What you will do: Output all entries verbatim. Skip pictures.

(Source information)

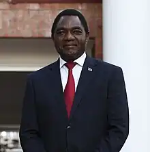 Hakainde Hichilema (born 4 June 1962) is a Zambian businessman, farmer, and politician who is the seventh and current president of Zambia since 24 August 2021.[1] After having contested five previous elections in 2006, 2008, 2011, 2015 and 2016, he won the 2021 presidential election with 59.02% of the vote.[2] He has led the United Party for National Development since 2006 following the death of the party founder Anderson Mazoka.
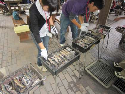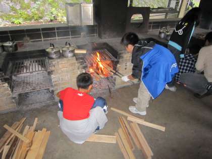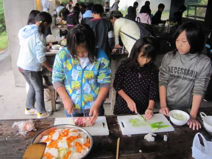 教員たちが魚を焼くのと並行して,子どもたちは野外炊事の活動を行いました。メニューは「豚汁」と「ご飯」です。もちろん魚の塩焼きも頂きます。火を起こす子も,「豚汁」の材料を切る子も,そして「ご飯」を炊く子も,みんなが夢中で取り組みました。
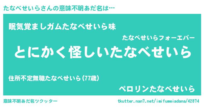 | 胡散臭い通販商品みたいなあだ名 | 『信頼と実績のサプリメント…その名も「たなべせいら」』 |
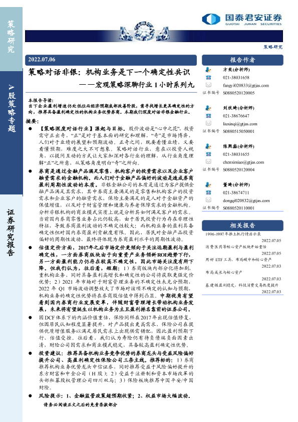 【国泰君安证券】【20220706】策略对话非银:机构业务是下一个确定性共识-18页
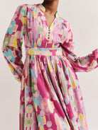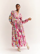 Yetunde Abstract Print Maxi Dress – Long Sleeve, Airy Cotton
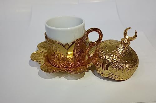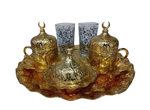 - مجموعة تقديم قهوة اسبريسو فريدة من نوعها على الطراز العثماني الشرقي مكونة من 13 قطعة لشخصين (2 كوب بورسلين ديميتاس، 2 حامل أكواب نحاسي، 2 غطاء، 2 صحون، 2 كوب زجاجي للمياه، 1 صينية، 1 طبق تقديم بهجة السكر وغطاء)
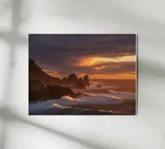 The water reflects the colors like a mirror, its surface glowing with soft, rippling light. Gentle waves roll toward the shore, catching the last rays of the day. The air feels still and peaceful, filled with the calming rhythm of the sea. It’s a quiet, breathtaking moment where sky and ocean blend into one warm, glowing scene."
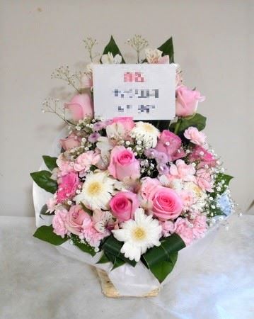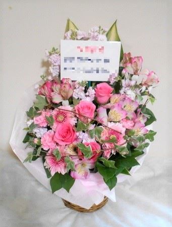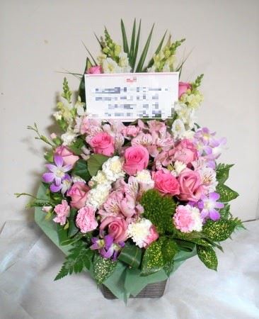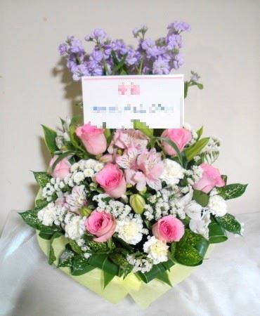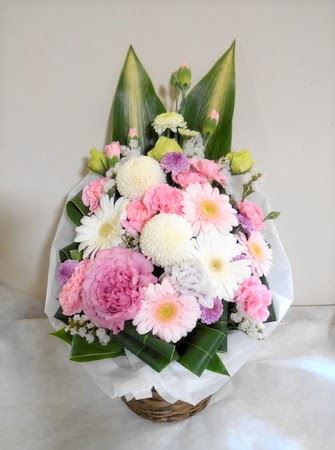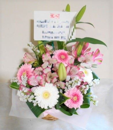 お悔やみ お供えの花 供花 (淡いピンク系のお花でまとめたバスケットアレンジ)
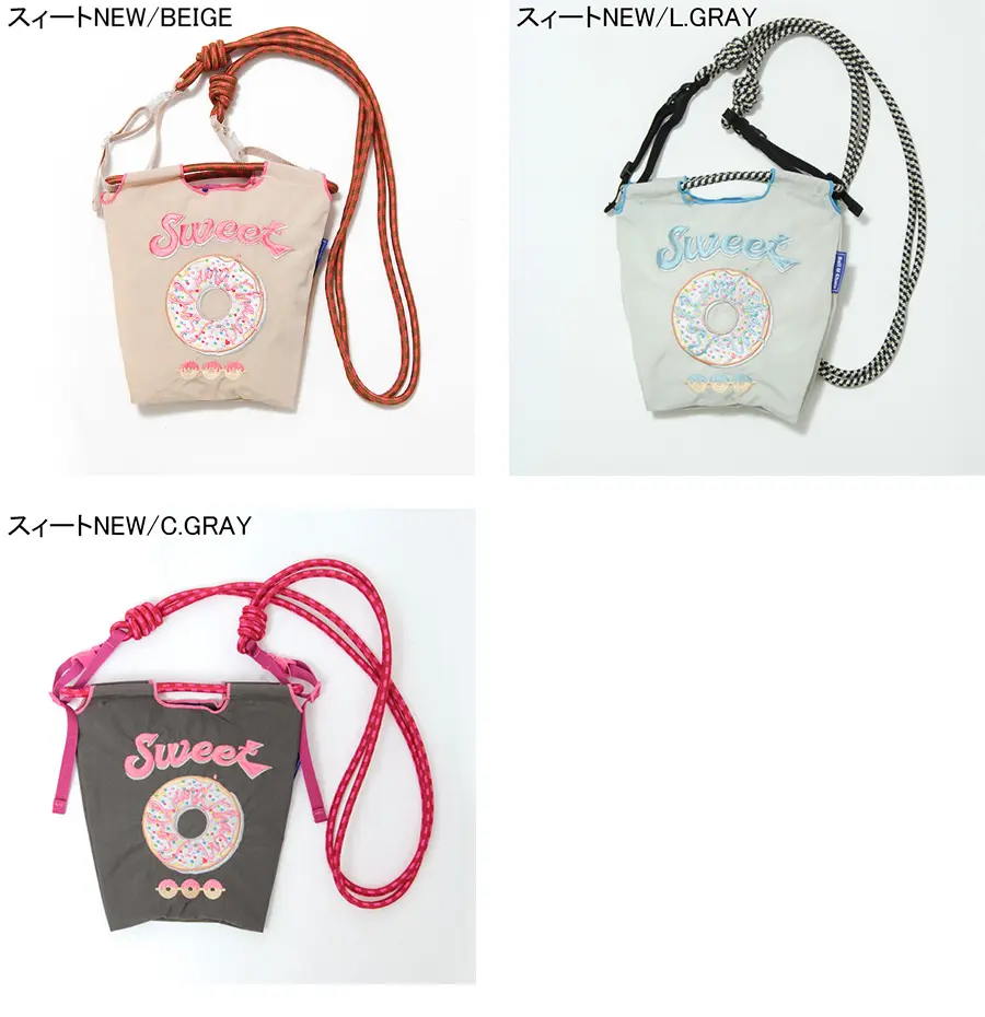 ドーナツとスウィートのロゴがキャッチーで目立つ「SWEET NEW(スィートニュー)」。ドーナッツのトッピングもアクセントになり、全体をより可愛らしく引き立てています。カラーはベージュ・ライトグレー・チャコールグレーの3色です。
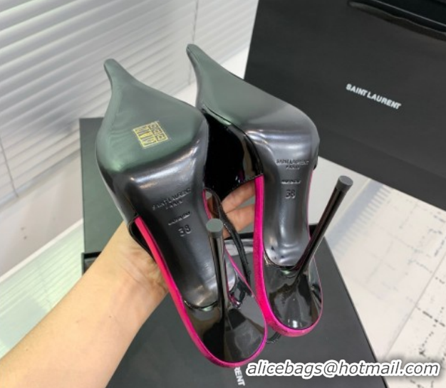 Unique Style Saint Laurent AMALIA Heel Slingbacks Pump 11cm in Patent Leather Black/Pink 1212089
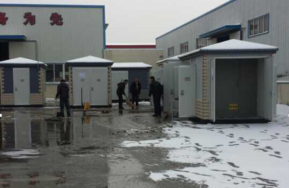 2015年的第一場(chǎng)雪,來(lái)的真是突然。最近由于公司訂單多,工期緊,所以生產(chǎn)任務(wù)繁忙。為了及時(shí)保質(zhì)保量的出貨,大家齊心協(xié)力,克服嚴(yán)寒,加班搶點(diǎn)的趕工。就連今年的第一場(chǎng)雪都沒時(shí)間好好欣賞就投入到生產(chǎn)搶工中,在廠領(lǐng)導(dǎo)和工人的不懈努力中,終于完成了花果山西游大道箱變、少年宮10KVA箱變和薔薇島旅游開發(fā)箱變按時(shí)完工。
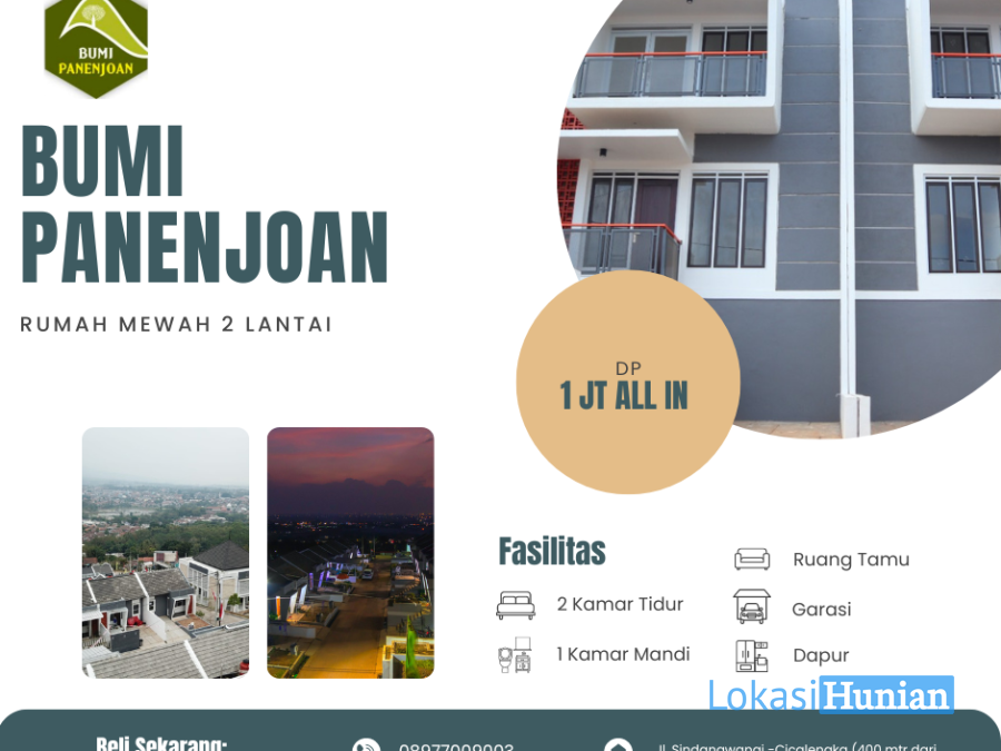 Kini hadir konsep rumah unik menyajikan view, lokasi perumahan yang berlokasi diatas bukit menciptakan pesona keindahan pemandangan lampu kota cicalengka di malam hari dan dikelola dengan developer berpengalaman lebih dari 30 tahun (Bumi Panyawangan dan Bumi Panyileukan) Hadir KPR Murah Bumi Panenjoan dengan mengeluarkan budget dp dan booking 1 jt atau 2 jt sudah sampai akad dan terima kunci
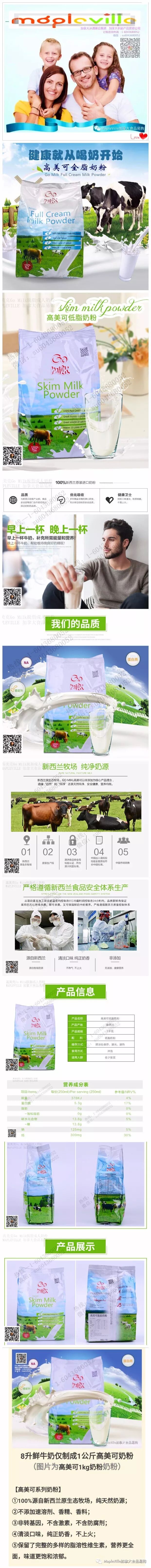 ①100%源自新西兰原生态牧场,纯天然奶源;
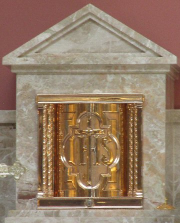 The Priest Approaches and Kisses the Altar:  The altar is a symbol of Christ.  In it are cut five crosses to recall the five wounds of Christ.  The altar also represents the Church and has embedded in it the relics of her saints.  The priest comes to the altar to celebrate the Sacrifice in the Church's name.  Because of the glory surrounding the altar upon which the divine Sacrifice will be made, the kiss of the priest unites the Church to Christ, its Redeemer.
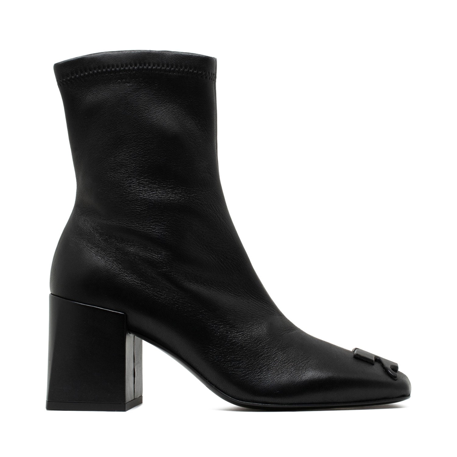 Courreges Black Reedition Ankle Boots. Black heritage stretch leather ankle boots with square heel and embossed AC logo.
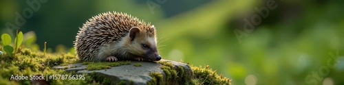 © retirementfun, Fototapeta premium Hedgehog snoozing on a mossy rock with rolled-up body , rock, hedgehog, wildlife
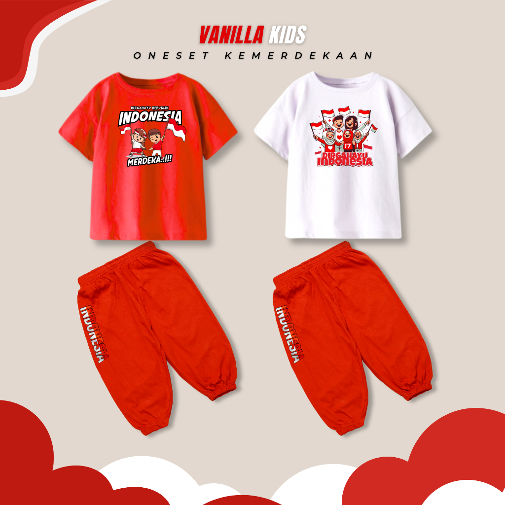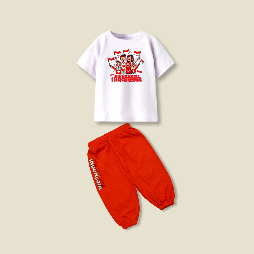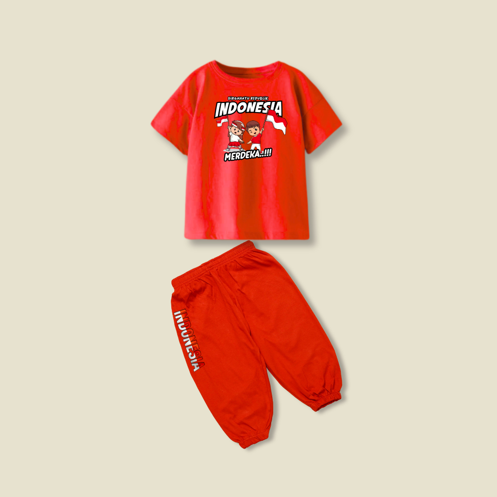 Setelan Baju kemerdekaan anak laki laki dan anak perempuani independence day | One set Merdeka agustusan 2025 | kaos jogger setelan anak HUT merdeka indonesia ke 80
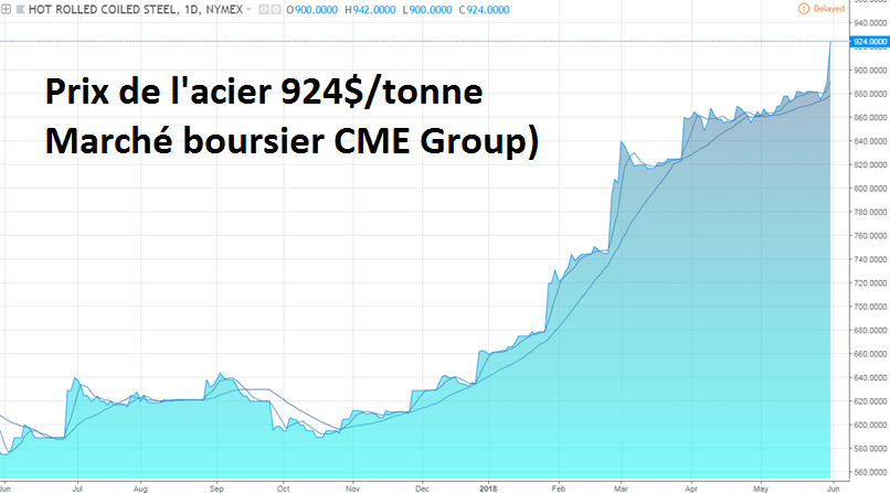 Un chapitre de plus aujourd’hui avec la mise en place des tarifs douanier sur l’acier et l’aluminium et pas de passe-droit pour le Canada, Mexique et l’Europe. Depuis novembre, le prix de l’acier a bondi de près de 60%, c’est une hausse spectaculaire qui aura un impact direct sur l’inflation aux USA. Beaucoup de produits de consommation couteront plus cher, de la canne de soupe Campbell à la canette de bière les prix à la consommation risquent d’augmenter.
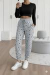 Kadın Yüksek Bel Bağcıklı Desenli Iki Iplik Pantolon
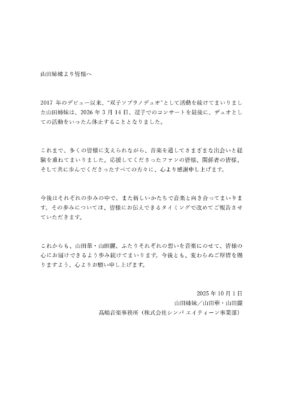 これからも、山田華・山田麗、ふたりそれぞれの想いを音楽にのせて、皆様の心にお届けできるよう歩み続けてまいります。今後とも、変わらぬご厚情を賜りますよう、心よりお願い申し上げます。
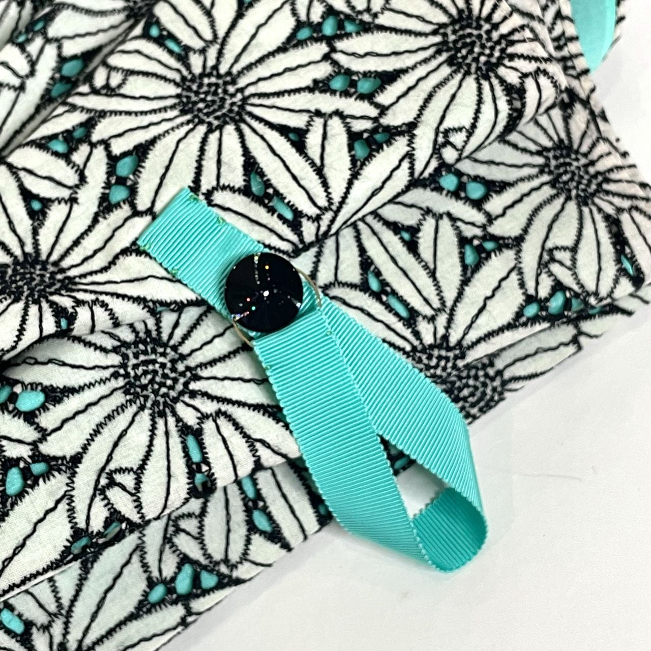 刺繍が黒なので下から透けるマーガレット柄もしっかりと見えポップなイラストのようで、エメラルド色との相性抜群です!

(End Source information)

Output:
 Hakainde Hichilema (born 4 June 1962) is a Zambian businessman, farmer, and politician who is the seventh and current president of Zambia since 24 August 2021.[1] After having contested five previous elections in 2006, 2008, 2011, 2015 and 2016, he won the 2021 presidential election with 59.02% of the vote.[2] He has led the United Party for National Development since 2006 following the death of the party founder Anderson Mazoka.
 教員たちが魚を焼くのと並行して,子どもたちは野外炊事の活動を行いました。メニューは「豚汁」と「ご飯」です。もちろん魚の塩焼きも頂きます。火を起こす子も,「豚汁」の材料を切る子も,そして「ご飯」を炊く子も,みんなが夢中で取り組みました。
 | 胡散臭い通販商品みたいなあだ名 | 『信頼と実績のサプリメント…その名も「たなべせいら」』 |
 【国泰君安证券】【20220706】策略对话非银:机构业务是下一个确定性共识-18页
 Yetunde Abstract Print Maxi Dress – Long Sleeve, Airy Cotton
 - مجموعة تقديم قهوة اسبريسو فريدة من نوعها على الطراز العثماني الشرقي مكونة من 13 قطعة لشخصين (2 كوب بورسلين ديميتاس، 2 حامل أكواب نحاسي، 2 غطاء، 2 صحون، 2 كوب زجاجي للمياه، 1 صينية، 1 طبق تقديم بهجة السكر وغطاء)
 The water reflects the colors like a mirror, its surface glowing with soft, rippling light. Gentle waves roll toward the shore, catching the last rays of the day. The air feels still and peaceful, filled with the calming rhythm of the sea. It’s a quiet, breathtaking moment where sky and ocean blend into one warm, glowing scene."
 お悔やみ お供えの花 供花 (淡いピンク系のお花でまとめたバスケットアレンジ)
 ドーナツとスウィートのロゴがキャッチーで目立つ「SWEET NEW(スィートニュー)」。ドーナッツのトッピングもアクセントになり、全体をより可愛らしく引き立てています。カラーはベージュ・ライトグレー・チャコールグレーの3色です。
 Unique Style Saint Laurent AMALIA Heel Slingbacks Pump 11cm in Patent Leather Black/Pink 1212089
 2015年的第一場(chǎng)雪,來(lái)的真是突然。最近由于公司訂單多,工期緊,所以生產(chǎn)任務(wù)繁忙。為了及時(shí)保質(zhì)保量的出貨,大家齊心協(xié)力,克服嚴(yán)寒,加班搶點(diǎn)的趕工。就連今年的第一場(chǎng)雪都沒時(shí)間好好欣賞就投入到生產(chǎn)搶工中,在廠領(lǐng)導(dǎo)和工人的不懈努力中,終于完成了花果山西游大道箱變、少年宮10KVA箱變和薔薇島旅游開發(fā)箱變按時(shí)完工。
 Kini hadir konsep rumah unik menyajikan view, lokasi perumahan yang berlokasi diatas bukit menciptakan pesona keindahan pemandangan lampu kota cicalengka di malam hari dan dikelola dengan developer berpengalaman lebih dari 30 tahun (Bumi Panyawangan dan Bumi Panyileukan) Hadir KPR Murah Bumi Panenjoan dengan mengeluarkan budget dp dan booking 1 jt atau 2 jt sudah sampai akad dan terima kunci
 ①100%源自新西兰原生态牧场,纯天然奶源;
 The Priest Approaches and Kisses the Altar:  The altar is a symbol of Christ.  In it are cut five crosses to recall the five wounds of Christ.  The altar also represents the Church and has embedded in it the relics of her saints.  The priest comes to the altar to celebrate the Sacrifice in the Church's name.  Because of the glory surrounding the altar upon which the divine Sacrifice will be made, the kiss of the priest unites the Church to Christ, its Redeemer.
 Courreges Black Reedition Ankle Boots. Black heritage stretch leather ankle boots with square heel and embossed AC logo.
 © retirementfun, Fototapeta premium Hedgehog snoozing on a mossy rock with rolled-up body , rock, hedgehog, wildlife
 Setelan Baju kemerdekaan anak laki laki dan anak perempuani independence day | One set Merdeka agustusan 2025 | kaos jogger setelan anak HUT merdeka indonesia ke 80
 Un chapitre de plus aujourd’hui avec la mise en place des tarifs douanier sur l’acier et l’aluminium et pas de passe-droit pour le Canada, Mexique et l’Europe. Depuis novembre, le prix de l’acier a bondi de près de 60%, c’est une hausse spectaculaire qui aura un impact direct sur l’inflation aux USA. Beaucoup de produits de consommation couteront plus cher, de la canne de soupe Campbell à la canette de bière les prix à la consommation risquent d’augmenter.
 Kadın Yüksek Bel Bağcıklı Desenli Iki Iplik Pantolon
 これからも、山田華・山田麗、ふたりそれぞれの想いを音楽にのせて、皆様の心にお届けできるよう歩み続けてまいります。今後とも、変わらぬご厚情を賜りますよう、心よりお願い申し上げます。
 刺繍が黒なので下から透けるマーガレット柄もしっかりと見えポップなイラストのようで、エメラルド色との相性抜群です!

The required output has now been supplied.